Being one of the central concepts of Domain Driven Design, repositories can be found in applications written in several other languages, like Java and C#, just to name a few. In PHP however, they’re still relatively unknown, just making their first shy steps in the world. Despite this, there are some well-trusted frameworks, such as FLOW3 and of course Doctrine 2.x, which will help you embrace the DDD paradigm. As with any development methodology out there, you don’t have to use repositories in your applications or even smash them unnecessarily with the pile of concepts sitting behind DDD. Just use common sense and pick them up only when you think they’re going to fit your needs. It’s really just that simple. Image via Chance Agrella / Freerangestock.com

Frequently Asked Questions (FAQs) about Handling Collections of Aggregate Roots

What is an Aggregate Root in Domain-Driven Design?

In Domain-Driven Design (DDD), an Aggregate Root is a cluster of associated objects that are treated as a single unit. These objects are bound together by a root entity, also known as the Aggregate Root. The Aggregate Root maintains the consistency of changes being made within the aggregate by forbidding external objects from holding references to its members.

How does an Aggregate Root differ from regular entities?

The main difference between an Aggregate Root and regular entities lies in their responsibilities. While regular entities encapsulate behavior and state, an Aggregate Root additionally ensures the integrity of the entire aggregate by controlling access to its members. It’s the only member of the aggregate that outside objects are allowed to hold references to.

How do I identify an Aggregate Root in my domain model?

Identifying an Aggregate Root requires a deep understanding of the business domain. It’s typically a high-level entity that has a global identity and encapsulates other entities and value objects. For example, in an e-commerce domain, an Order could be an Aggregate Root that encapsulates line items and shipping information.

How should I handle collections of Aggregate Roots?

Handling collections of Aggregate Roots can be challenging. It’s important to remember that each Aggregate Root is a consistency boundary, so changes to one should not affect others. Therefore, when dealing with collections, it’s often best to load and persist each Aggregate Root separately to maintain consistency.

Can an Aggregate Root reference another Aggregate Root?

Yes, an Aggregate Root can reference another Aggregate Root, but it should do so by identity only. This means it should not hold a direct reference to the other Aggregate Root object, but rather its ID. This helps to maintain the consistency boundary of each Aggregate Root.

How does an Aggregate Root relate to a Repository in DDD?

In DDD, a Repository provides methods to retrieve and store Aggregate Roots. It abstracts the underlying storage mechanism, allowing the domain model to remain ignorant of the details of data persistence. Each Aggregate Root typically has its own Repository.

What is the role of an Aggregate Root in enforcing business rules?

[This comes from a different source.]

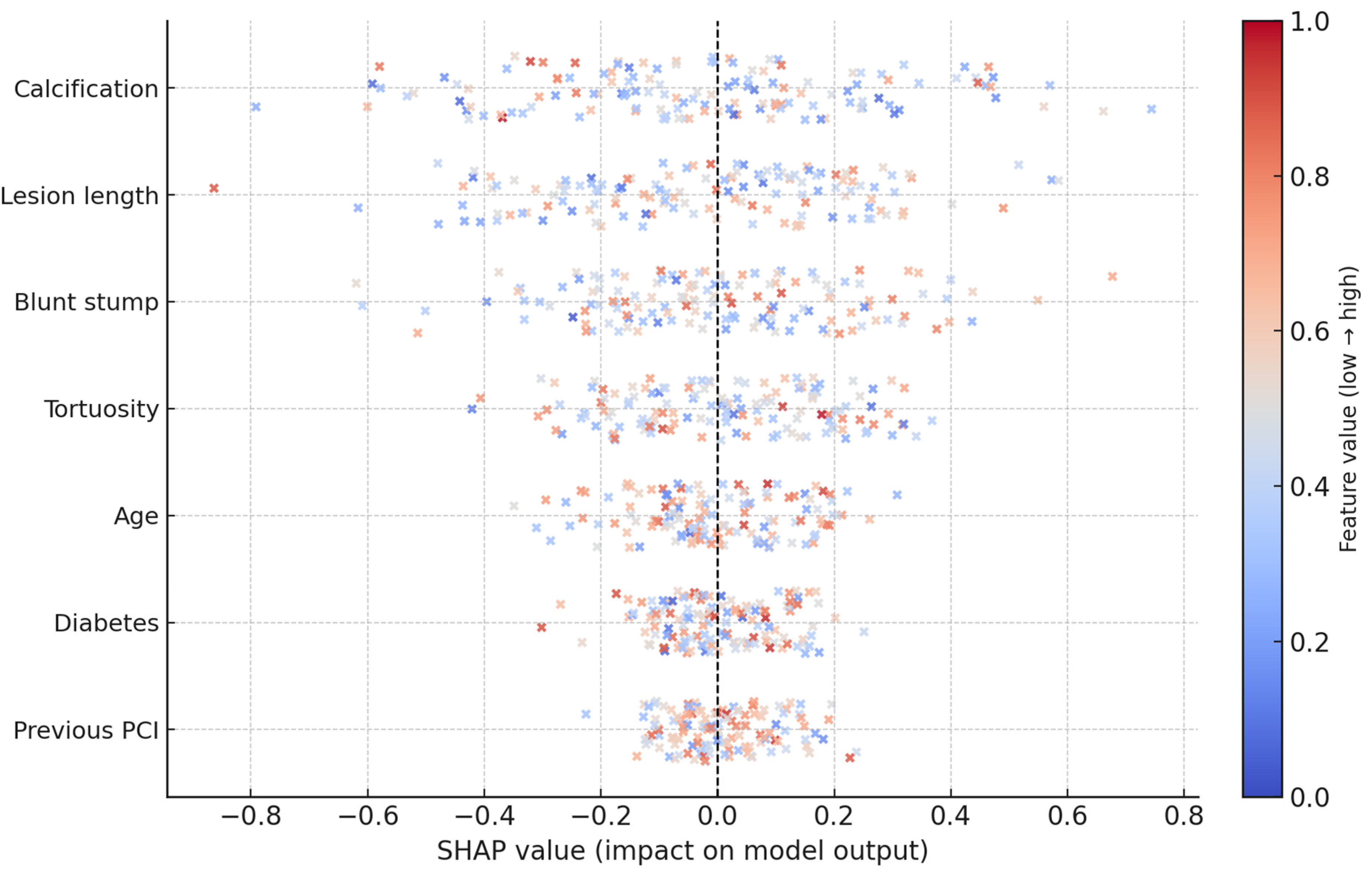Figure 5) allow visualization of individual-level risk contributions, making AI not only more accurate but also more clinically transparent in CTO cases. Similarly, the integration of multimodal data—including CCTA, IVUS, OCT, baseline LVEF, and PROMs—offers far greater incremental value in CTO PCI than in non-CTO lesions, where data heterogeneity is less pronounced.
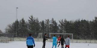 HMU har ryddet sne, så kunststofbanen er klar til fodbold og standerhejsning søndag hos Hirtshals Boldklub.

An Aggregate Root plays a crucial role in enforcing business rules. It ensures that all changes to the aggregate leave it in a valid state. This means that any business rule that spans multiple entities or value objects should be enforced by the Aggregate Root.

How does an Aggregate Root contribute to reducing complexity in a domain model?

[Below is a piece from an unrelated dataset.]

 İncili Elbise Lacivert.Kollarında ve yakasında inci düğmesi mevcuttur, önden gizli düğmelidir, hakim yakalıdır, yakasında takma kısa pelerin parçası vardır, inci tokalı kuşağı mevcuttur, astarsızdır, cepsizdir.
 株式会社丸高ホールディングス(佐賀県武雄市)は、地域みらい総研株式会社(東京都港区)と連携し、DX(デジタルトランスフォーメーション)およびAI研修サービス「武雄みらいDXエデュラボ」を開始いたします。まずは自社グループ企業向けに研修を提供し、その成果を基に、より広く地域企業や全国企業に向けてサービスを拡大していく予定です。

By acting as a consistency boundary and controlling access to its members, an Aggregate Root helps to reduce complexity in a domain model. It simplifies the model by providing a single point of interaction for each aggregate, making it easier to reason about the system.

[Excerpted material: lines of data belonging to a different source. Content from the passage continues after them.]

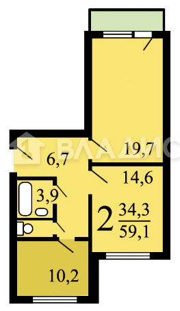 Общая площадь 59.1 м2
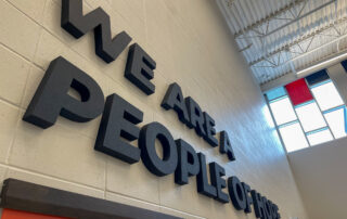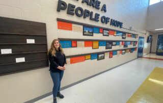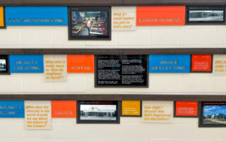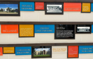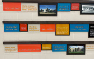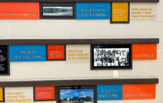 The Society has invested in creating this installation as a visual retelling of our treasured past, blessed present, and desired future. The design was developed with local artist and ECS alumni, Marina Hulzenga, and with input from Society staff, Suzanne Knol, and a few parents. Marina has a professional background in exhibit and spatial design and we feel she really helped bring the vision and mission of ECS to life in this new Story Wall.
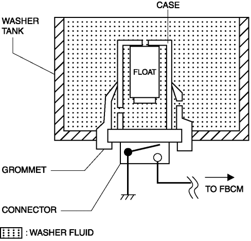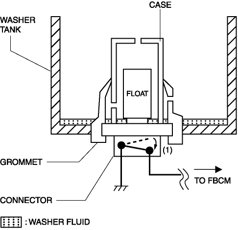 1. Washer fluid enters the case of the washer fluid-level sensor, the float rises, and the connector switch turns off.
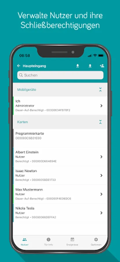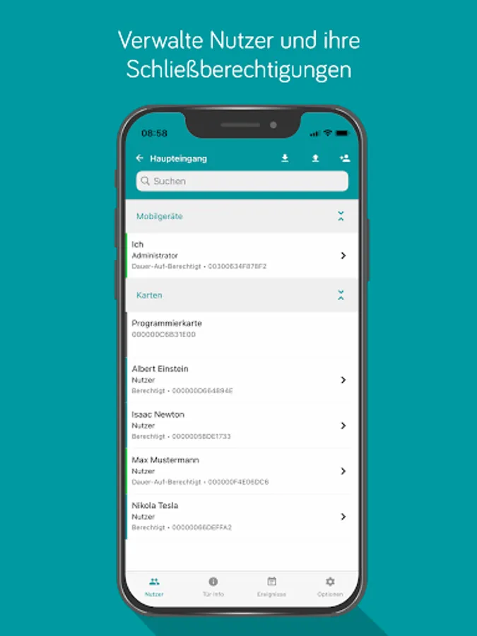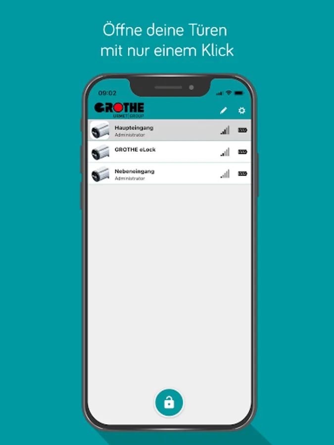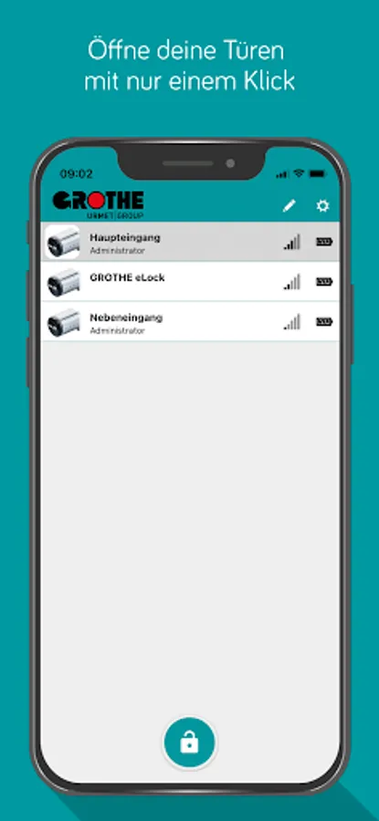 With the GROTHE eLockApp, the GROTHE eLock locking cylinders can be opened securely and conveniently managed. Each user can be assigned access authorizations, which are encrypted and transmitted to the locking cylinder via Bluetooth when trying to open the door. There they are cross-checked and, if authorized, the cylinder knob is activated for operation. The app is fully functional offline.

Can an Aggregate Root be part of more than one aggregate?

No, an Aggregate Root should not be part of more than one aggregate. This would violate the consistency boundary of the aggregates and could lead to inconsistencies in the domain model.

How should I handle concurrency issues with Aggregate Roots?

Concurrency issues with Aggregate Roots can be handled using various strategies, such as optimistic locking or pessimistic locking. The choice of strategy depends on the specific requirements of your application and the nature of the concurrency issues you are facing.